In October 2012, FASB has issued Accounting Standards Update (ASU) No. 2012-07, Entertainment--Films (Topic 926): Accounting for Fair Value Information That Arises after the Measurement Date and Its Inclusion in the Impairment Analysis of Unamortized Film Costs. This ASU eliminates the rebuttable presumption that the conditions leading to the write-off of unamortized film costs after the balance sheet date existed as of the balance sheet date. The amendments also eliminate the requirement that an entity incorporate into fair value measurements used in the impairment tests the effects of any changes in estimates resulting from the consideration of subsequent evidence if the information would not have been considered by market participants at the measurement date. or SEC filers, the amendments are effective for impairment assessments performed on or after December 15, 2012. For all other entities, the amendments are effective for impairment assessments performed on or after December 15, 2013. The amendments resulting from this ASU should be applied prospectively. Earlier application is permitted, including for impairment assessments performed as of a date before October 24, 2012, if, for SEC filers, the entity’s financial statements for the most recent annual or interim period have not yet been issued or, for all other entities, have not yet been made available for issuance.

F-11



NOTES TO FINANCIAL STATEMENTS
SHENZHEN JIFU COMMUNICATION TECHNOLOGY CO., LTD
FOR THE YEARS ENDED DECEMBER 31, 2012 AND 2011

2. Summary of Significant Accounting Policies - Continued

Recently Issued Accounting Pronouncements

In January 2013, FASB has issued Accounting Standards Update (ASU) No. 2013-01, Balance Sheet (Topic 210): Clarifying the Scope of Disclosures about Offsetting Assets and Liabilities. This ASU clarifies that ordinary trade receivables and receivables are not in the scope of ASU No. 2011-11, Balance Sheet (Topic 210): Disclosures about Offsetting Assets and Liabilities. Specifically, ASU 2011-11 applies only to derivatives, repurchase agreements and reverse purchase agreements, and securities borrowing and securities lending transactions that are either offset in accordance with specific criteria contained in the FASB Accounting Standards Codification™ (Codification) or subject to a master netting arrangement or similar agreement. The FASB undertook this clarification project in response to concerns expressed by U.S. stakeholders about the standard’s broad definition of financial instruments. After the standard was finalized, companies realized that many contracts have standard commercial provisions that would equate to a master netting arrangement, significantly increasing the cost of compliance at minimal value to financial statement users. An entity is required to apply the amendments in ASU 2013-01 for fiscal years beginning on or after January 1, 2013, and interim periods within those annual periods. An entity should provide the required disclosures retrospectively for all comparative periods presented. The effective date is the same as the effective date of ASU 2011-11.

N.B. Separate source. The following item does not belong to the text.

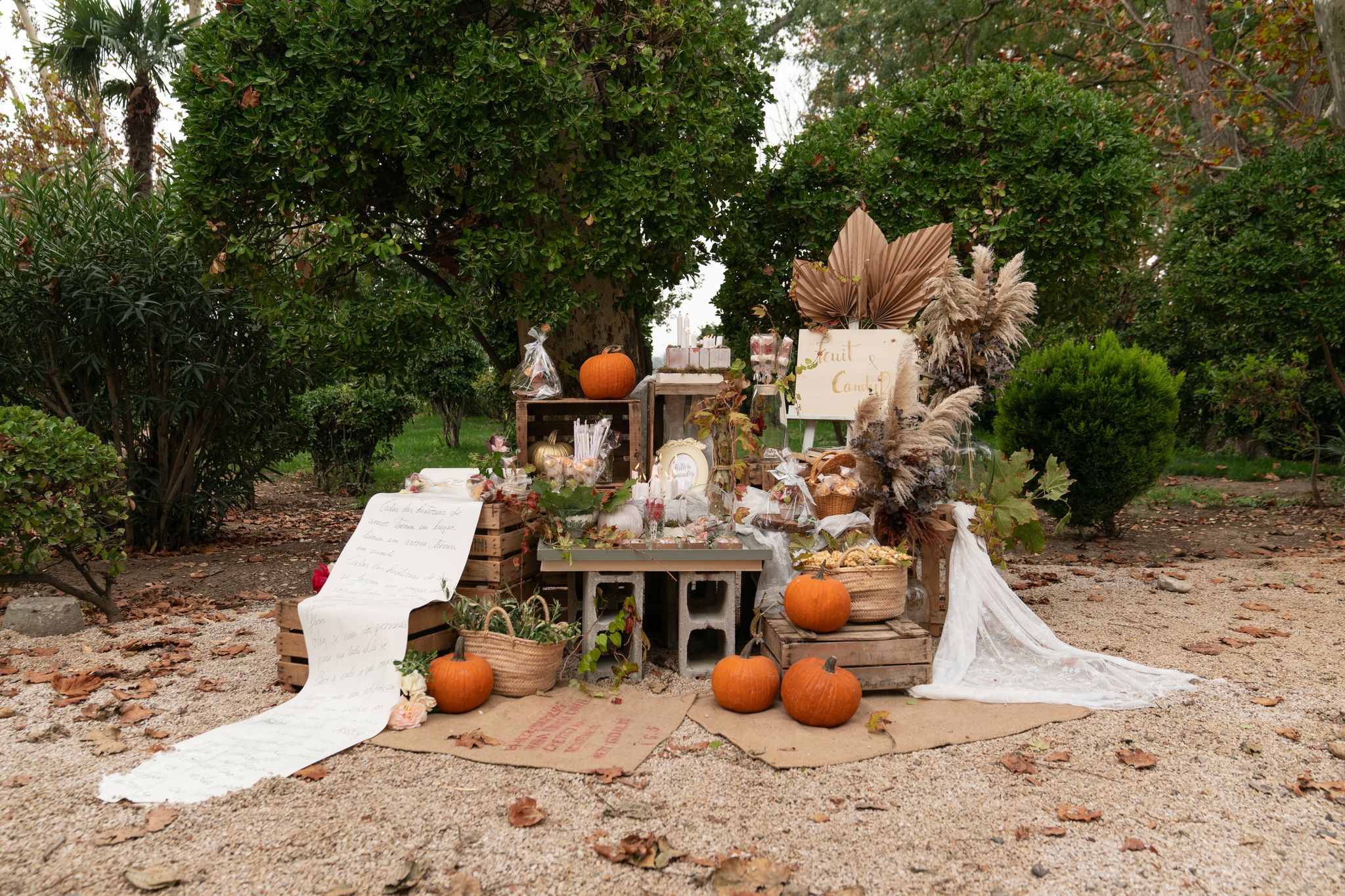 La organización coordinada por Carolina Diloy, Wedding & Event Planner en búsqueda constante de espacios y proveedores únicos, Naranja y media fotografía se encargó de captar todos los rincones, momentos y detalles con alma. Quisimos aprovechar la estación del año en la que estamos para disfrutar de los colores y luces que nos brinda el otoño, Seral Floristas quisieron plasmar esa magia del otoño en sus creaciones; rincones dulces creados y personalizados por Arte a Bocados contando la historia de amor de Pity y Ángel transmitiendo su dulzura y sus ganas de sorprender con rincones dulces especiales e innovadores.

In February 2013, FASB has issued Accounting Standards Update (ASU) No. 2013-02, Comprehensive Income (Topic 220): Reporting of Amounts Reclassified Out of Accumulated Other Comprehensive Income. This ASU improves the transparency of reporting these reclassifications. Other comprehensive income includes gains and losses that are initially excluded from net income for an accounting period. Those gains and losses are later reclassified out of accumulated other comprehensive income into net income. The amendments in this ASU do not change the current requirements for reporting net income or other comprehensive income in financial statements. All of the information that this ASU requires already is required to be disclosed elsewhere in the financial statements under U.S. GAAP.

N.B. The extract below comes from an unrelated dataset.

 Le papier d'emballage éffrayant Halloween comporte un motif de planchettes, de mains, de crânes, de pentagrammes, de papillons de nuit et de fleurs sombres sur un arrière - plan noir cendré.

The new amendments will require an organization to:

  • Present (either on the face of the statement where net income is presented or in the notes) the effects on the line items of net income of significant amounts reclassified out of accumulated other comprehensive income - but only if the item reclassified is required under U.S. GAAP to be reclassified to net income in its entirety in the same reporting period.
  • Cross-reference to other disclosures currently required under U.S. GAAP for other reclassification items (that are not required under U.S. GAAP) to be reclassified directly to net income in their entirety in the same reporting period. This would be the case when a portion of the amount reclassified out of accumulated other comprehensive income is initially transferred to a balance sheet account (e.g., inventory for pension-related amounts) instead of directly to income or expense.

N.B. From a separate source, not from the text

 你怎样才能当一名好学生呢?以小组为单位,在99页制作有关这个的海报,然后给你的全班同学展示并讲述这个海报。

The amendments apply to all public and private companies that report items of other comprehensive income. Public companies are required to comply with these amendments for all reporting periods (interim and annual). A private company is required to meet the reporting requirements of the amended paragraphs about the roll forward of accumulated other comprehensive income for both interim and annual reporting periods. However, private companies are only required to provide the information about the effect of reclassifications on line items of net income for annual reporting periods, not for interim reporting periods. The amendments are effective for reporting periods beginning after December 15, 2012, for public companies and are effective for reporting periods beginning after December 15, 2013, for private companies. Early adoption is permitted.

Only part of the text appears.